# [SOLVED] FAT can't mount - charset ANSI_X3.4-1968 not found

## Karl_R

Hi all,

update... I've now noticed that this fails for all FAT file systems including one in an SD card in a card slot reader, so I don't think it is a usbdive problem anymore but a FAT problem ...

Help still needed :-/  ... end of update.

I have just done an emerge world and since then my usb drives and any fail to mount.

The message displayed is:-

 *Quote:*   

> mount: wrong fs type, bad option, bad superblock on /dev/sdb1,        missing codepage or helper program, or other error        In some cases useful info is found in syslog - try        dmesg | tail  or so  .

 

the result of dmesg shows :- 

 *Quote:*   

> 
> 
> usb 2-3: new high speed USB device using ehci_hcd and address 6
> 
> usb 2-3: configuration #1 chosen from 1 choice
> ...

 

I have looked in the Kernel parameters under Filesystems -> Natural Language Support and don't know which codepage supports ANSI_X3.4-1968.

A link at http://media.datadirect.com/download/docs/slnk/admin/appcodepage.html tells me that  IANA says it is 

```
Code Page            IANA Character set name     IANAAppCodePage  

ANSI_X3.4-1968    US_ASCII                            3
```

I installed a new kernel enabling US ASCII in the Natural Language Support[/quote] but it still fails

I re-ran 

```
locale-gen -A
```

 and it still fails.

any ideas?

Thanks

KarlLast edited by Karl_R on Wed Oct 21, 2009 3:52 pm; edited 1 time in total

----------

## Karl_R

Hi,

I have managed to mount my FAT partitions by using the command

```
sudo mount -t vfat /dev/sdc1 /mnt/tmp
```

Though I still get the warning    *Quote:*   

> mount: wrong fs type, bad option, bad superblock on /dev/sdb1, missing codepage or helper program, or other error In some cases useful info is found in syslog - try dmesg | tail or so .

  pop up when the drive is plugged in.

What's more by adding the specific partition to my /etc/fstab file like so :

```
/dev/sdc1 /mnt/tmp vfat user,noauto     0 0
```

When the drive is plugged in it automatically mounts as it used to with no warnings and my user has permissions on the mount point.

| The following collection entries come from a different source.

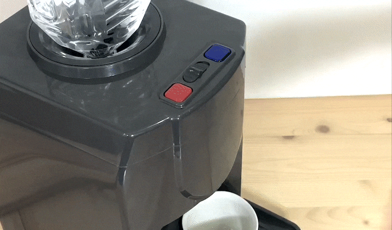 ペットボトルをセット後、冷水と温水が適正温度になると本体正面の温度ランプが切り替わります。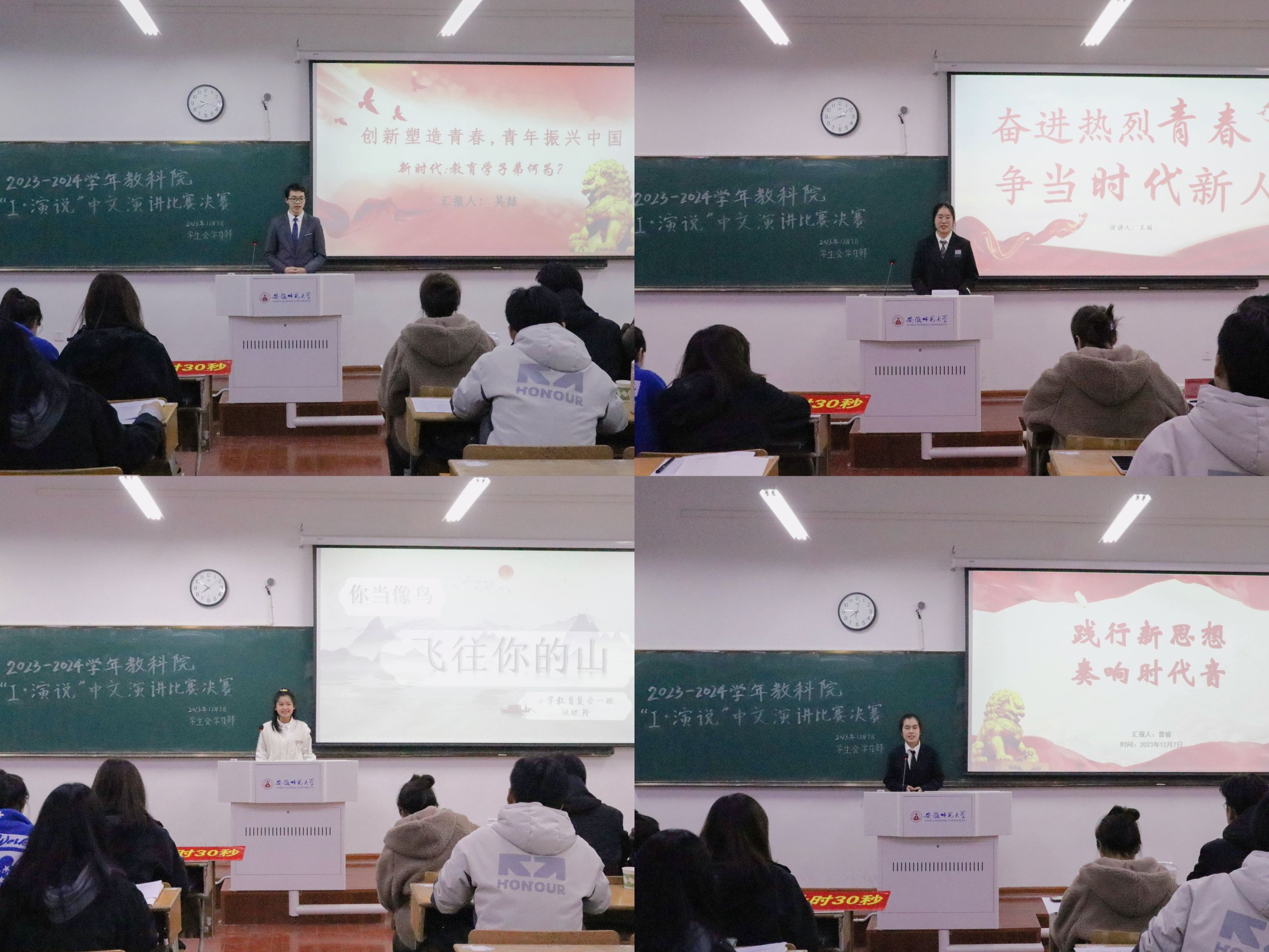 韶华不止,奋斗不息。本次演讲比赛为同学们提供了一个展现自我风采、提升思辨与演讲能力的平台,在丰富同学们校园生活的同时,也提供了锻炼自我、提升综合素质的机会,激励教科学子在新时代翻涌起新的浪潮,扬时代之朝气,奏青春之乐章。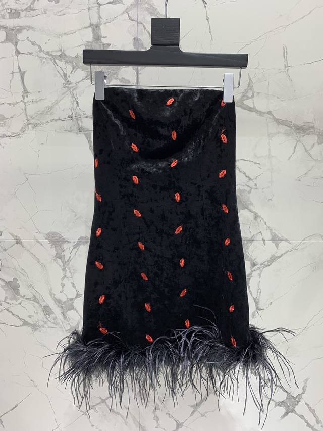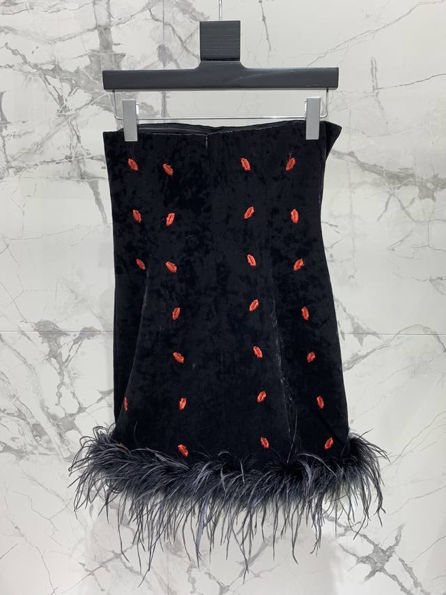 A Gorgeous Choice: Red Lip 3D Embroidered Strapless Dress DDD This red lip 3D embroidered strapless dress is absolutely breathtaking! Its design is full of artistry, as if you're wearing a painting

it seems that simply giving the -t vfat is all the clue mount needed.

I think that there must be something wrong with the hal or udev in that the wrong options are passed. I'm a real novice when it comes to udev or hal so don't really know how to correct the behaviour back how it was before the update.

Anyone have any ideas what the underlying problem is and how to fixd it in light of this new info?

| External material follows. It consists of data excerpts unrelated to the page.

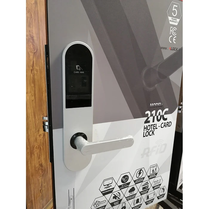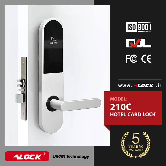 ALOCK 210C hotel card handle is one of the best sellers in the hotel group. This product is the most powerful hotel handle. The body of this product can handle a pressure of more than 500 kg. This product is made of full aluminum ingot with CNC cut. This handle is made with Japanese-made parts. The product body has a lifetime color warranty. The board technology of this product is Mifare 13.56 Mhz. The body of this handle is made of aluminum. The body is very strong and with a suitable metal material, and the type of die used in making this product has increased its strength and durability over a long period of time.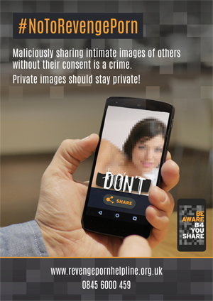 Cartaz diz não à pornografia por vingança: "Compartilhar maliciosamente imagens íntimas de outros sem o seu consentimento é crime. Imagens privadas devem permanecer privadas!".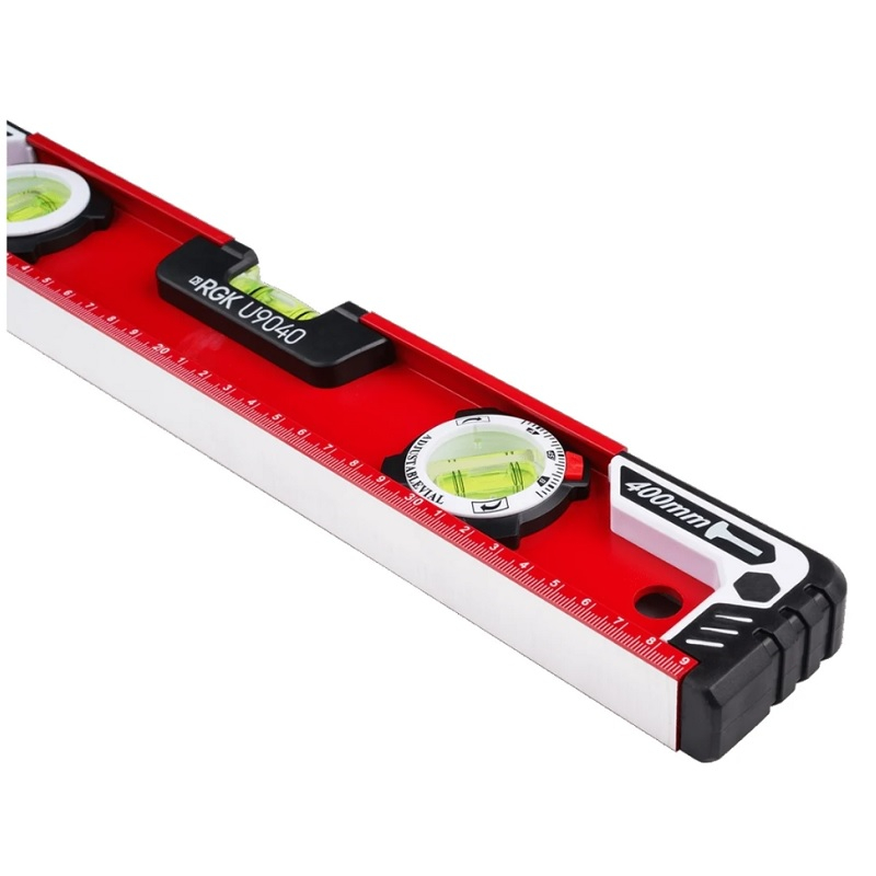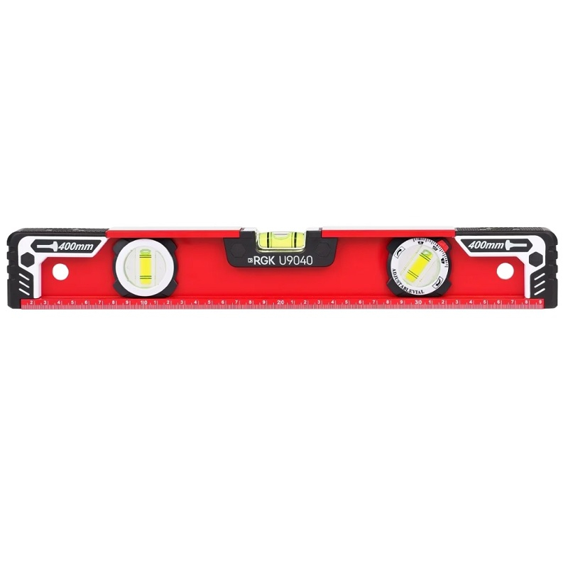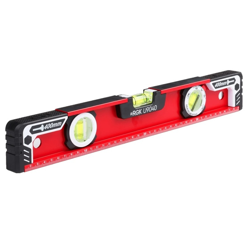 Уровень RGK U9040 400 мм применяется в сфере строительства и ремонта для определения отклонений по горизонтали и вертикали. Эта модель имеет три глазка, а также магнит для крепления инструмента на металлической поверхности. Есть линейка с шкалой, благодаря чему мастер может выполнять разметочные работы.

I don't really want to have to add entries to my /etc/fstab for all mu usb drives.

Cheers

Karl

----------

## VoidMage

From your kernel config, paste 'DOS/FAT/NT Filesystems' section

and CONFIG_NLS* keys.

See also 'locale -a' on which locales you have.

----------

## AeroIllini

I also had this same problem, and was recently able to fix it. I followed the steps in this guide to upgrade my system to UTF-8. Specifically, I think the changes to the kernel configuration (including changing the VFAT codepage) did it, but I can't be sure what the final fix was since I changed several things at once.

It seemed a good place to start, since the error was charset related.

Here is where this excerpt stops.